▶ Exercise data
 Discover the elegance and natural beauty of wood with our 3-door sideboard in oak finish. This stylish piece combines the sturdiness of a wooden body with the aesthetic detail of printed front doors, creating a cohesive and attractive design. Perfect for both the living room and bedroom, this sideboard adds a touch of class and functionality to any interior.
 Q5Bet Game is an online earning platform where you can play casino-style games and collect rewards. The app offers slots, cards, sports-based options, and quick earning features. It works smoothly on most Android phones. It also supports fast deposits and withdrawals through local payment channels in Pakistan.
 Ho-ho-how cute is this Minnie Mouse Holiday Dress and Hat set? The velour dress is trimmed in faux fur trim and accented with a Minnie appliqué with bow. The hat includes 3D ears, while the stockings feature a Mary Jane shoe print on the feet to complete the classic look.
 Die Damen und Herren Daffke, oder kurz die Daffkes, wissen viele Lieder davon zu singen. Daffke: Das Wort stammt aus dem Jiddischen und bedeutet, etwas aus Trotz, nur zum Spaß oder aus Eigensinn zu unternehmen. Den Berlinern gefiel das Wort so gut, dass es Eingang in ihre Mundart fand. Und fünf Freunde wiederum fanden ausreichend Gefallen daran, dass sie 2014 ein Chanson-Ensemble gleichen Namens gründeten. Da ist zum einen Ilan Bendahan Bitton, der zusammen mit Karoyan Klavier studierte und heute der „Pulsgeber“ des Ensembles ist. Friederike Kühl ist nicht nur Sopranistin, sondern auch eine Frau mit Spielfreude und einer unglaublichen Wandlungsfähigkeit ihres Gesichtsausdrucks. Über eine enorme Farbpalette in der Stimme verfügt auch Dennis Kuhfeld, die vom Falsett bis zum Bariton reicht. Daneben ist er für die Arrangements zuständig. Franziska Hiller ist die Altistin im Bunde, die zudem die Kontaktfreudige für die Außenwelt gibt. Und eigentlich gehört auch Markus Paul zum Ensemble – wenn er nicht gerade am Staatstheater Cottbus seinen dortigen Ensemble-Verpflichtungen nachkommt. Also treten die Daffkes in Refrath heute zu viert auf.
---
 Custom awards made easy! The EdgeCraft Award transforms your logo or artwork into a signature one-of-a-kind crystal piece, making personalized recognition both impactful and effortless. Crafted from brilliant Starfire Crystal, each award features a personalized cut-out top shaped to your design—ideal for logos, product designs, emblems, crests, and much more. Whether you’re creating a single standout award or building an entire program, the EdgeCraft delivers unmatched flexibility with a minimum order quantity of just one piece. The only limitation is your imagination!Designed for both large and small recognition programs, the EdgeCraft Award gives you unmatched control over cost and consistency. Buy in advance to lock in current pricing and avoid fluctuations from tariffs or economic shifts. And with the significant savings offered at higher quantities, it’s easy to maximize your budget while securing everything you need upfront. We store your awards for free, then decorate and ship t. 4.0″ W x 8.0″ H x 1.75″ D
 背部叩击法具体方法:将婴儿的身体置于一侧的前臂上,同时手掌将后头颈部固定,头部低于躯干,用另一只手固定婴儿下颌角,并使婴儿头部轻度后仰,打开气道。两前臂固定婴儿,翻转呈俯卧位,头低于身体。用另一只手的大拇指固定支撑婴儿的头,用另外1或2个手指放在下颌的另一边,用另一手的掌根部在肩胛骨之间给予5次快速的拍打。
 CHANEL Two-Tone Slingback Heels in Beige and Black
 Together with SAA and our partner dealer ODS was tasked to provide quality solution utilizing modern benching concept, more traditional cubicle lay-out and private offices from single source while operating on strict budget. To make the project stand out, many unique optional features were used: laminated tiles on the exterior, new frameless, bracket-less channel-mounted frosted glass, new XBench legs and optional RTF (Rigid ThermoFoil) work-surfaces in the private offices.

▶ Your instructions
Your answer should consist of each line of the data above in which the word "this" occurs.

▶ The answer
 Discover the elegance and natural beauty of wood with our 3-door sideboard in oak finish. This stylish piece combines the sturdiness of a wooden body with the aesthetic detail of printed front doors, creating a cohesive and attractive design. Perfect for both the living room and bedroom, this sideboard adds a touch of class and functionality to any interior.
 Ho-ho-how cute is this Minnie Mouse Holiday Dress and Hat set? The velour dress is trimmed in faux fur trim and accented with a Minnie appliqué with bow. The hat includes 3D ears, while the stockings feature a Mary Jane shoe print on the feet to complete the classic look.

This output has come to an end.